- **WHAT TO PRODUCE**
Could you restate, exactly and with nothing added, the lines from the start of the data through the line that holds "Crystal | 16MHz |", leaving the pictures out?

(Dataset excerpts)
--------------------------------

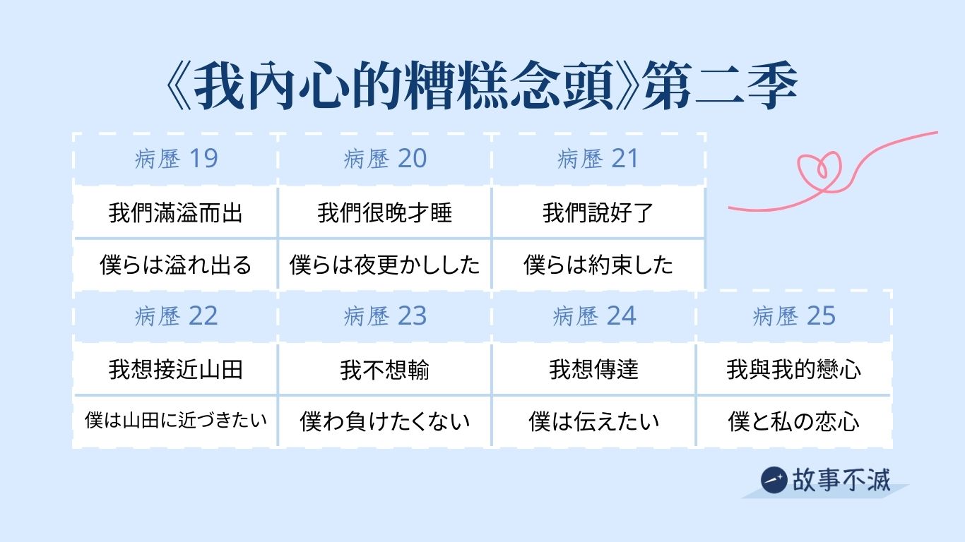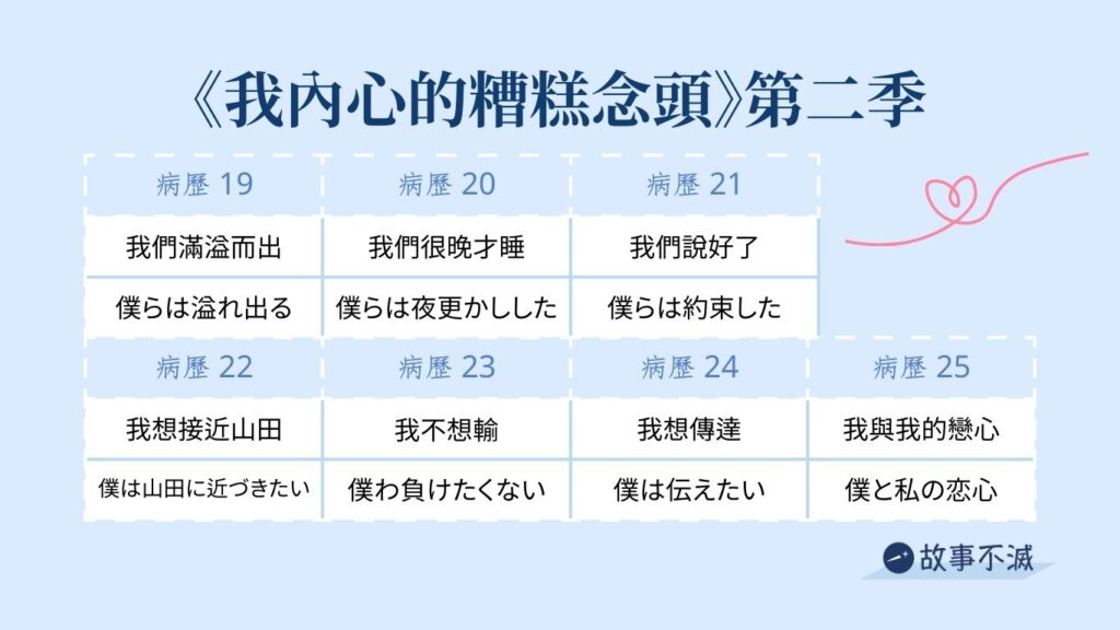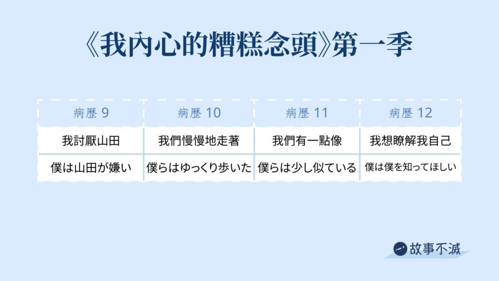 第 3 集意識到自己喜歡山田之後,病歷 4 ~ 8 都在講市川喜歡山田的念頭。
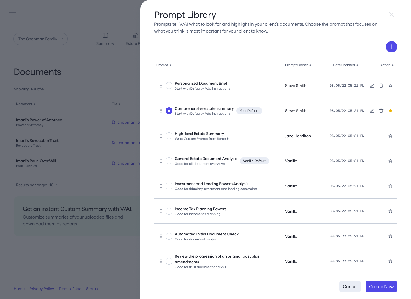 As part of our upgrade to the Custom Prompt Library, V/AI now offers professional Vanilla-authored prompts ready to use out of the box. Select your prompt before generating summaries—whether you need a general estate document analysis, trust amendment progression review, automated initial document check, income tax planning powers analysis, or investment and lending powers summary. Set your most-used prompt as the default with a single click.
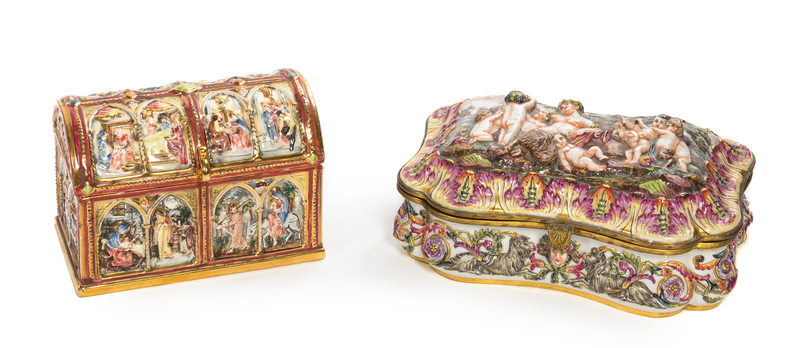 Two Capo di Monte Porcelain Table Caskets
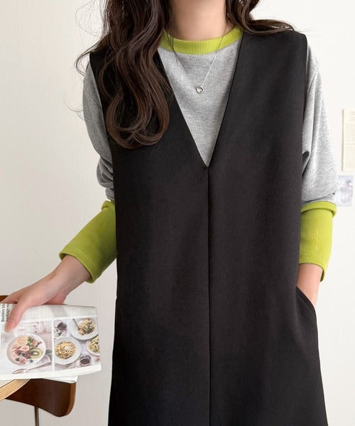 ジャンスカやキャミワンピのインナーにしても配色切替が映えて華やかに♪
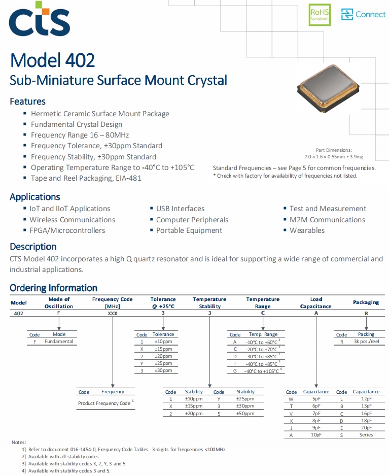 | 402F160XXCAR | CTS晶振 | 402 | MHz Crystal | 16MHz |
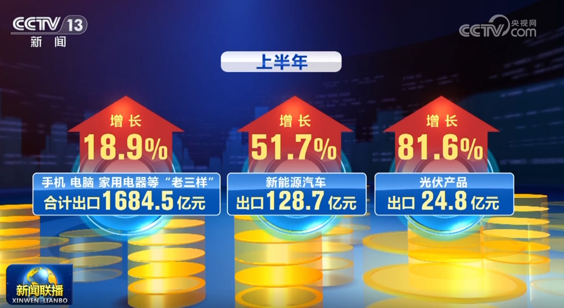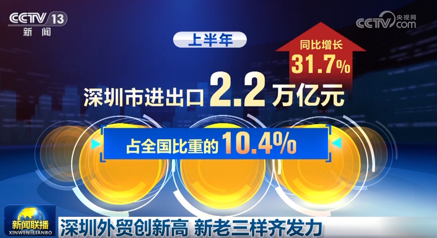 According to customs statistics, in the first half of the year, Shenzhen’s import and export amounted to 2.2 trillion yuan, up 31.7% year-on-year, accounting for 10.4% of the national total. The total export of "old three samples" such as mobile phones, computers and household appliances was 168.45 billion yuan, an increase of 18.9%; The export of new energy vehicles was 12.87 billion yuan, an increase of 51.7%; The export of photovoltaic products was 2.48 billion yuan, an increase of 81.6%.
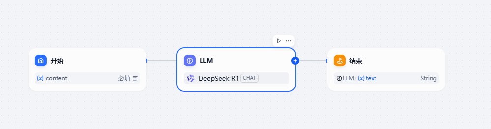 在开始节点中接收一个输入信息 content 然后在LLM模型中我们需要配置一个CHAT模型,这里选择了DeepSeek-R1 64K的聊 天模型,注意需要在这里设置下对应的提示词
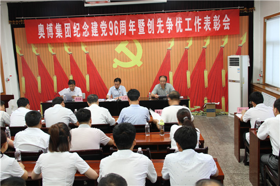 6月26日,奧博集團(tuán)召開紀(jì)念建黨96周年暨創(chuàng)先爭優(yōu)工作表彰會,奧博集團(tuán)和各成員企業(yè)黨政領(lǐng)導(dǎo)、欣塑公司黨支部、多經(jīng)公司黨支部、優(yōu)秀黨員代表、新黨員代表50余人參加了會議。

--------------------------------

- **EXPECTED ANSWER**
 第 3 集意識到自己喜歡山田之後,病歷 4 ~ 8 都在講市川喜歡山田的念頭。
 As part of our upgrade to the Custom Prompt Library, V/AI now offers professional Vanilla-authored prompts ready to use out of the box. Select your prompt before generating summaries—whether you need a general estate document analysis, trust amendment progression review, automated initial document check, income tax planning powers analysis, or investment and lending powers summary. Set your most-used prompt as the default with a single click.
 Two Capo di Monte Porcelain Table Caskets
 ジャンスカやキャミワンピのインナーにしても配色切替が映えて華やかに♪
 | 402F160XXCAR | CTS晶振 | 402 | MHz Crystal | 16MHz |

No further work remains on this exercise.